Wednesday, April 11, 2012

Goethe! now showing at Sundance Houston

I'll bet when you had to read "Faust" in your college survey of European literature, you didn't realize that its author -- Johann Wolfgang von Goethe -- led as adventurous an early life as the young William Shakespeare depicted in "Shakespeare In Love." If you did, you should be writing scripts for the movies! For that is the premise of a charming new film from Germany, very loosely-based on the early life of the great Germanic poet/author/color theorist that recently opened Stateside. If the parallels to the previous Oscar-winner aren't blatant enough, the American distributor wants to make it perfectly clear, by changing the name from the German title "Goethe!" to "Young Goethe in Love." (clever!)

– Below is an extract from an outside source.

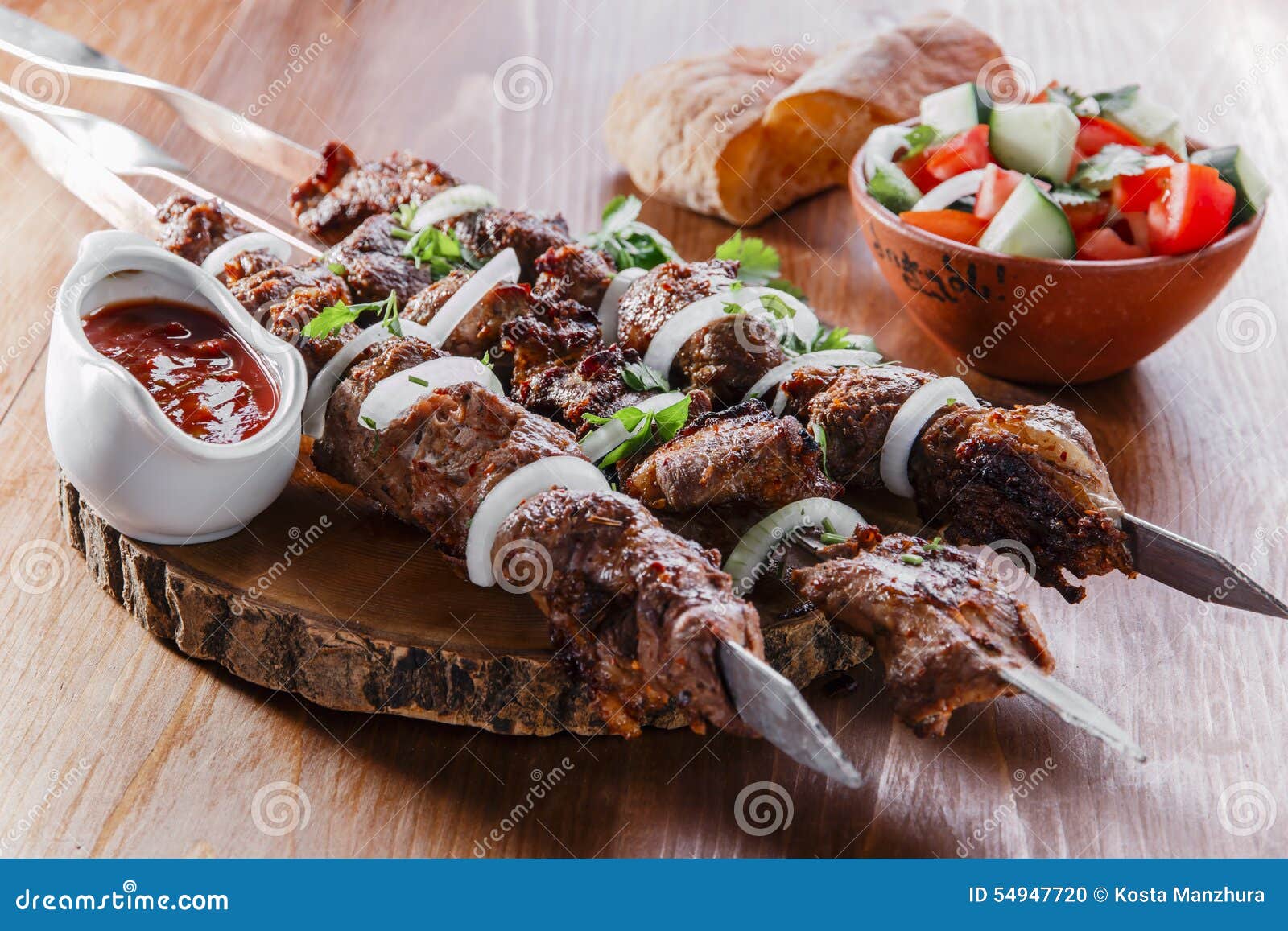 Самый распространенный вид шашлыка — это маринованная баранина или говядина, приготовленные на вертеле, называемые «шашлык» или написанные по-турецки как şiş.Вместе с ними иногда готовят овощи, из которых типичные овощи включают баклажаны, помидоры, болгарский перец, лук, соленые огурцы и грибы.

Despite the obvious debt to the previous film, Philipp Stolzl's film works for many of the same reasons: It is fast-paced, witty, well-acted by an attractive young cast (led by Alexander Fehling from "Inglourious Basterds" in the title role), and it's FUN! The story follows the young Goethe's apprenticeship in a law court in a 'backwater' German town, where he falls in love with a sensitive (she sings in the church choir), redheaded beauty named Charlotte (a fresh-faced Miriam Stein). Of course, it doesn't end well, or the world wouldn't have Goethe's first blockbuster novel, "The Sorrows of Young Werther," written in a love-sick frenzy from a jail cell (or so this film would have you believe). I'm sure any similarity to the early days of the historical Goethe are purely coincidental, but it cannot be any more fictionalized than the Bard's story. I don't mind the dramatic license taken by either film, because they both entertain. It's about time this German literary great got the Amadeus-Shakespeare treatment on the big screen.